▶ _Task brief_
From the entries below, print exactly the span beginning with the line holding "Am Samstag starten" and ending with the line holding "Do Monumento ao", endpoints included, and skip any pictures.

▶ _Supplied entries_
_ _ _ _ _
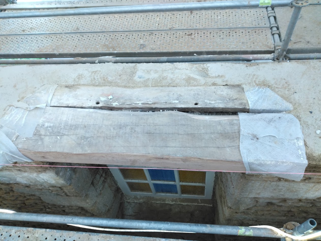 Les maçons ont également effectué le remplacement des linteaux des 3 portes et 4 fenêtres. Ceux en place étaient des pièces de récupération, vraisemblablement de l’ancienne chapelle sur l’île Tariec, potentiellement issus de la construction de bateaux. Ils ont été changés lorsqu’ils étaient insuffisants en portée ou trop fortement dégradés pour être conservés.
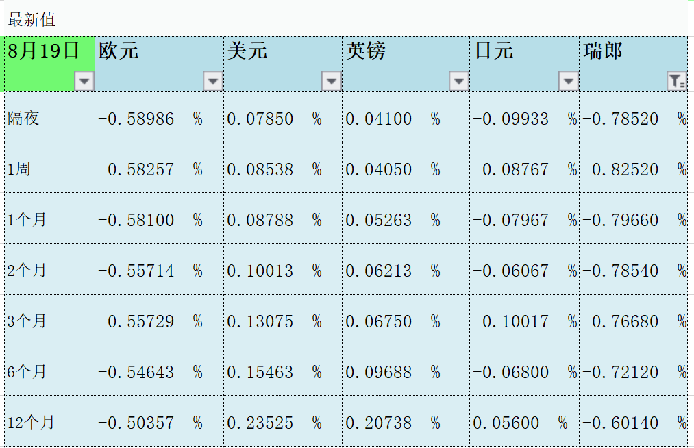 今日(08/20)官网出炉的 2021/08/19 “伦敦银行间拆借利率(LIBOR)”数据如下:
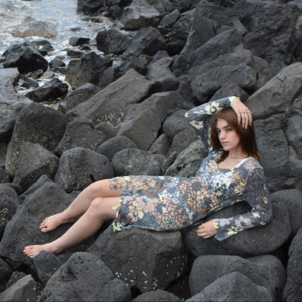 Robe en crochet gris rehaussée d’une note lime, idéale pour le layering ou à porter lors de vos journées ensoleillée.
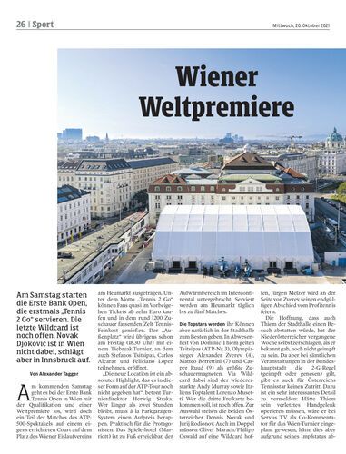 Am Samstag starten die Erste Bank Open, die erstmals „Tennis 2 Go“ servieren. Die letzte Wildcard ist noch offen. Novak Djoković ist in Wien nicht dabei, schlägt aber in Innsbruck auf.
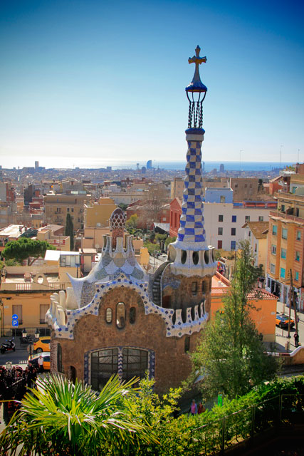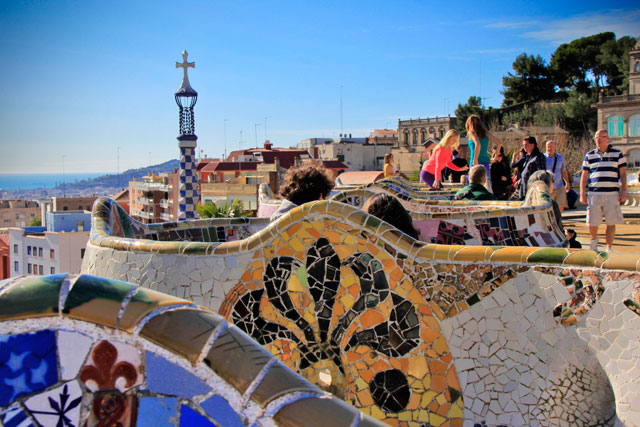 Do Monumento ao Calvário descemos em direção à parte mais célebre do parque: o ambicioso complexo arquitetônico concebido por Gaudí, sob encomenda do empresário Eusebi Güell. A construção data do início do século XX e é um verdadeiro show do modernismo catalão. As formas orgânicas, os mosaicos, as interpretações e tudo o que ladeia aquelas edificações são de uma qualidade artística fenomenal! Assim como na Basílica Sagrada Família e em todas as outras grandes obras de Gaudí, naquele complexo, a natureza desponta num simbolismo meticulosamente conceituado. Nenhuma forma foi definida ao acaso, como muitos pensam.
_ _ _ _ _
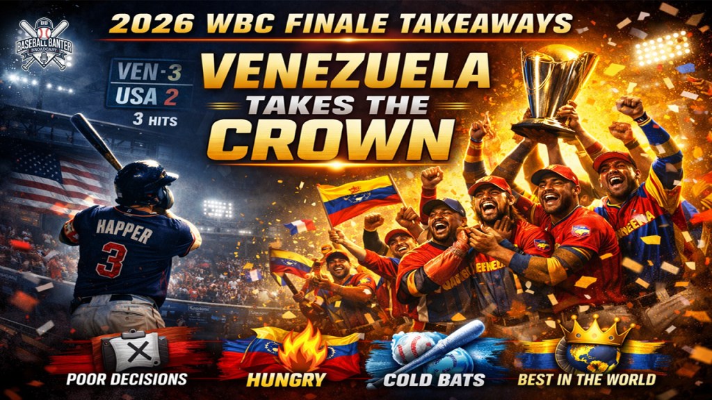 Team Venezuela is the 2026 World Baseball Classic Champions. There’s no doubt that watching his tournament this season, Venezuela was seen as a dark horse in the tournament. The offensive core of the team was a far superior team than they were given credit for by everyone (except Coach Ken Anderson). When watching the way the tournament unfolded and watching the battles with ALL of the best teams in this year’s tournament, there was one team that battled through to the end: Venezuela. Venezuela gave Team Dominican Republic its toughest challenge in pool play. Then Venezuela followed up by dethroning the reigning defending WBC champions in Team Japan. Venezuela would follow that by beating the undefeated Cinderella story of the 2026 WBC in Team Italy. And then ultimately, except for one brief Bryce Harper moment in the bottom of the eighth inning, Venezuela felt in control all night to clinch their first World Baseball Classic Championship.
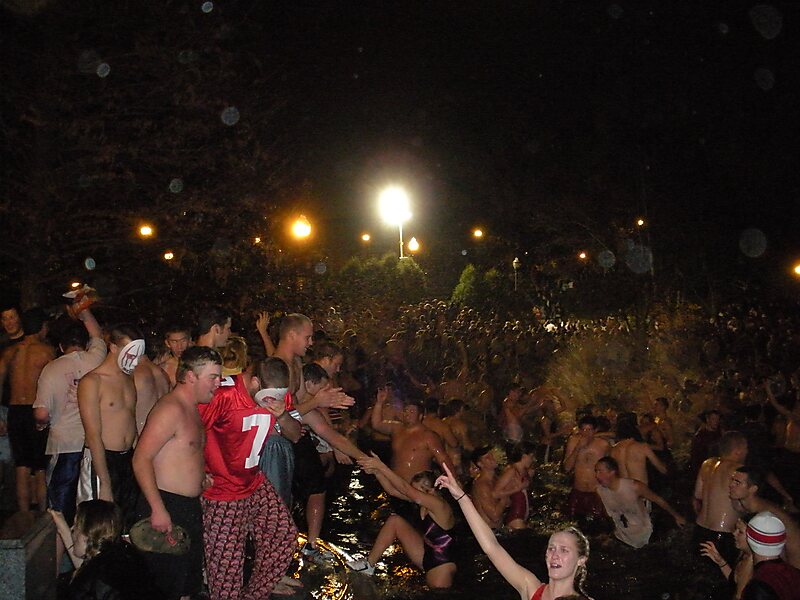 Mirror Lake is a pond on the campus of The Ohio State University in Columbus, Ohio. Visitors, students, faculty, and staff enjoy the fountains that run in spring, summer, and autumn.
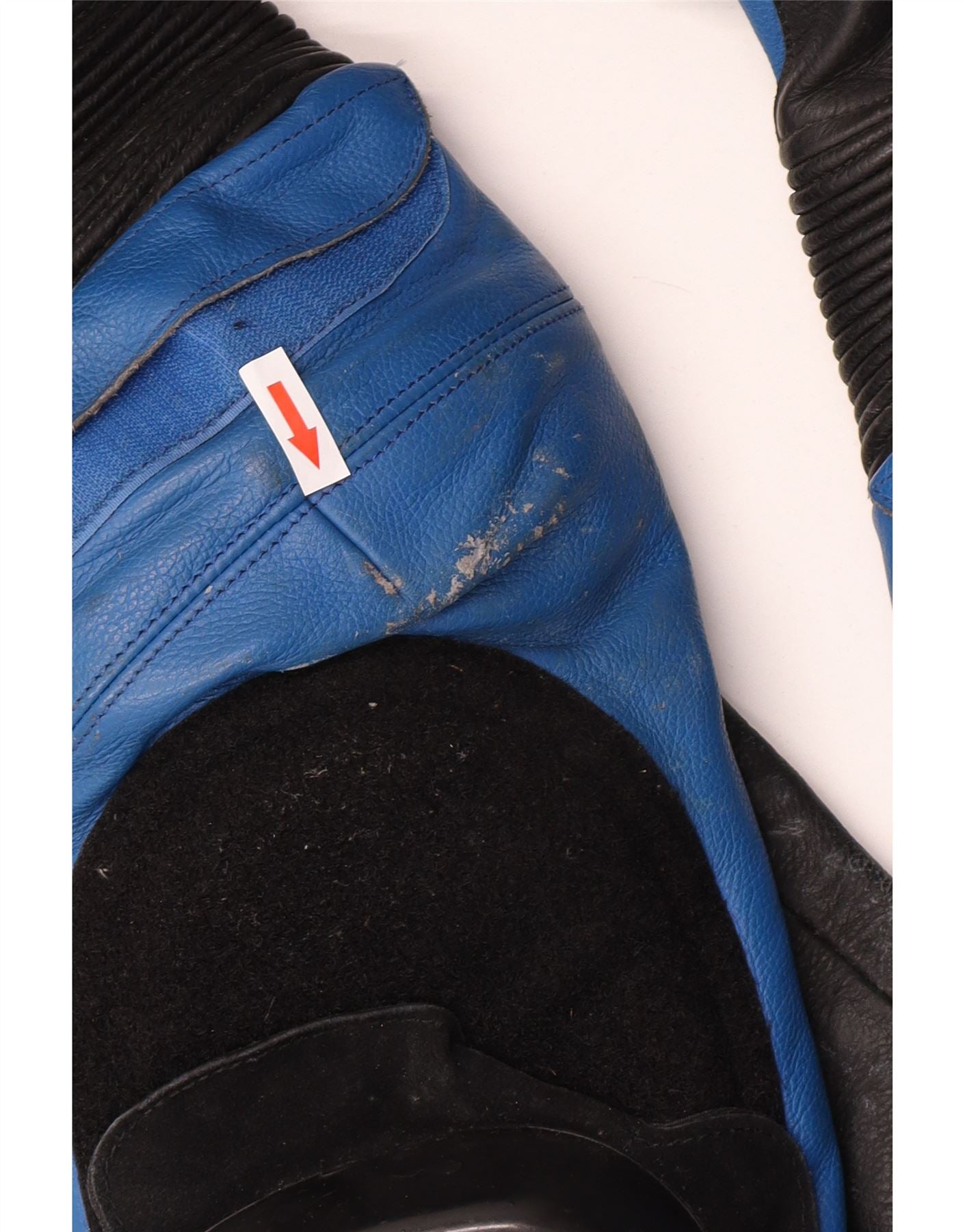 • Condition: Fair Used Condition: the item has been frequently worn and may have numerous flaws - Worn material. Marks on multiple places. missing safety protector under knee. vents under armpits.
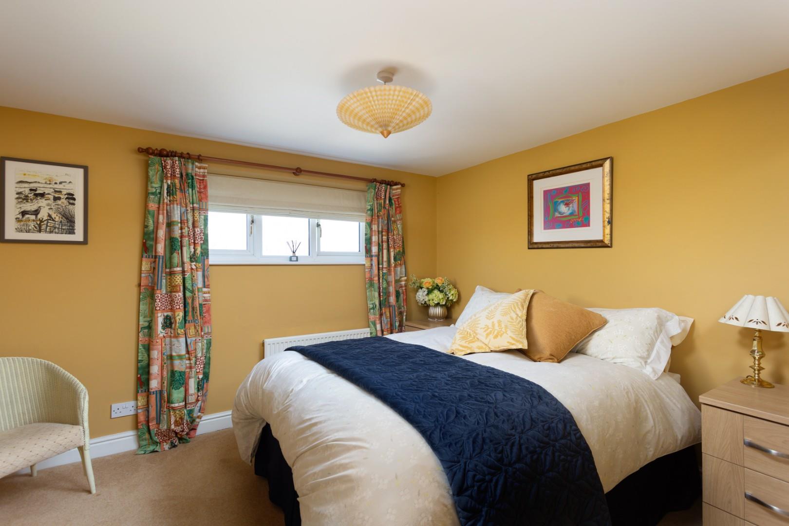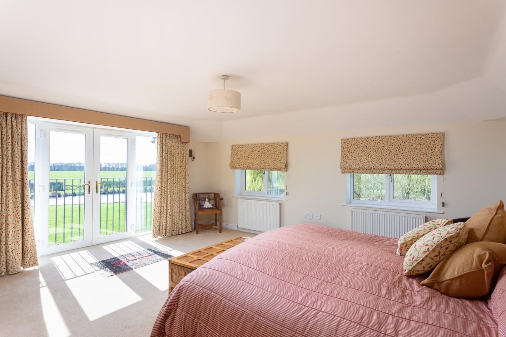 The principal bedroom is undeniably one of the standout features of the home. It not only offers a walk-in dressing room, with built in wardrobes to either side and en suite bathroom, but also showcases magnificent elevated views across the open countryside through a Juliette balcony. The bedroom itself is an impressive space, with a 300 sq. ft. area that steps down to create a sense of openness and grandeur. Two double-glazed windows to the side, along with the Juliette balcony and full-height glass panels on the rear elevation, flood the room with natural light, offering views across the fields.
_ _ _ _ _
▶ _Reply_
 Am Samstag starten die Erste Bank Open, die erstmals „Tennis 2 Go“ servieren. Die letzte Wildcard ist noch offen. Novak Djoković ist in Wien nicht dabei, schlägt aber in Innsbruck auf.
 Do Monumento ao Calvário descemos em direção à parte mais célebre do parque: o ambicioso complexo arquitetônico concebido por Gaudí, sob encomenda do empresário Eusebi Güell. A construção data do início do século XX e é um verdadeiro show do modernismo catalão. As formas orgânicas, os mosaicos, as interpretações e tudo o que ladeia aquelas edificações são de uma qualidade artística fenomenal! Assim como na Basílica Sagrada Família e em todas as outras grandes obras de Gaudí, naquele complexo, a natureza desponta num simbolismo meticulosamente conceituado. Nenhuma forma foi definida ao acaso, como muitos pensam.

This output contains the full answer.